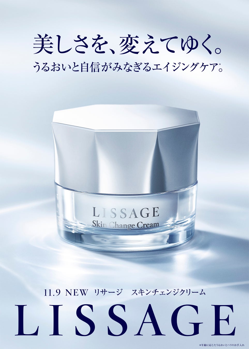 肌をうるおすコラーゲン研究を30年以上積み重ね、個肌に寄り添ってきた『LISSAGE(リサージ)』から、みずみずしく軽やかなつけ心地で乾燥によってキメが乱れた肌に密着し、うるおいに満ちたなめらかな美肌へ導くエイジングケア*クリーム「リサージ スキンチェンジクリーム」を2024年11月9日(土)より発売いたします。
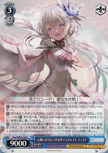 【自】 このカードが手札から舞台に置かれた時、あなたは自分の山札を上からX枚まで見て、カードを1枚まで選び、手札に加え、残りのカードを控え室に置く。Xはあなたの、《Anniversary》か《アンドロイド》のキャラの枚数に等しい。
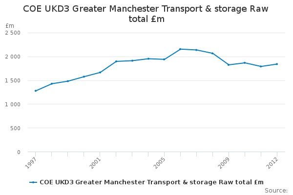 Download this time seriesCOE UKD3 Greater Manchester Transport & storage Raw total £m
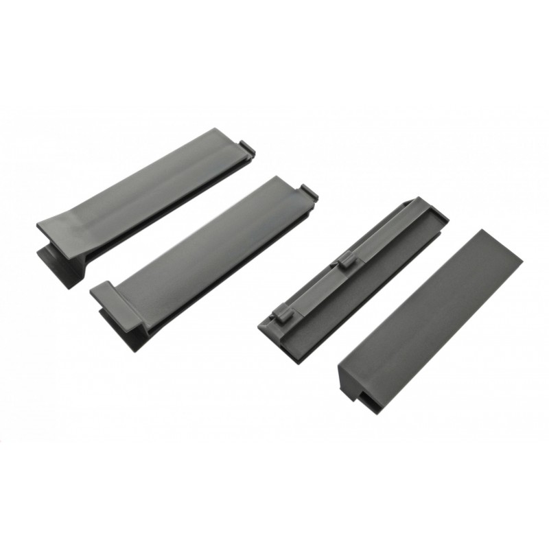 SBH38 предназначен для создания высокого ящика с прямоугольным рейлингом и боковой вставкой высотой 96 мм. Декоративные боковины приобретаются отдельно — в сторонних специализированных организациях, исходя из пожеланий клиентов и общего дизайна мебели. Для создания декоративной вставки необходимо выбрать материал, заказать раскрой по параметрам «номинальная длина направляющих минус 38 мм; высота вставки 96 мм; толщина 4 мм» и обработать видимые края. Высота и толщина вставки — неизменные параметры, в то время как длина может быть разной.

----------

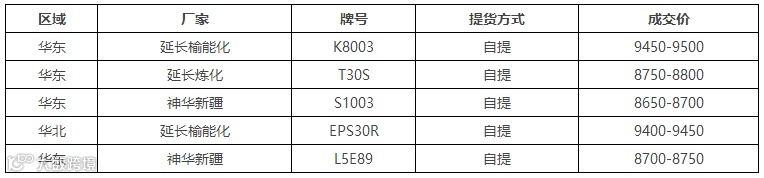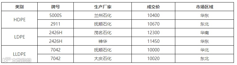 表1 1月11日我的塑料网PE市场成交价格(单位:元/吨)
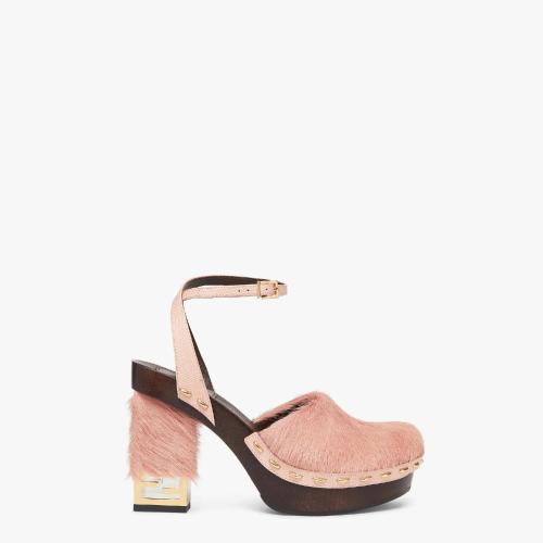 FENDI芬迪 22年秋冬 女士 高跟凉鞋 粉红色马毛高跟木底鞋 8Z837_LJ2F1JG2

----------

WHAT YOU HAVE TO DO — In the entries above, find the line that contains "表1 1月11日我的塑料网PE市场成交价格(单位:元/吨)" and the line that contains "FENDI芬迪 22年秋冬 女士". Reproduce exactly those two lines and every line between them, but not the pictures.

THE ANSWER —
 表1 1月11日我的塑料网PE市场成交价格(单位:元/吨)
 FENDI芬迪 22年秋冬 女士 高跟凉鞋 粉红色马毛高跟木底鞋 8Z837_LJ2F1JG2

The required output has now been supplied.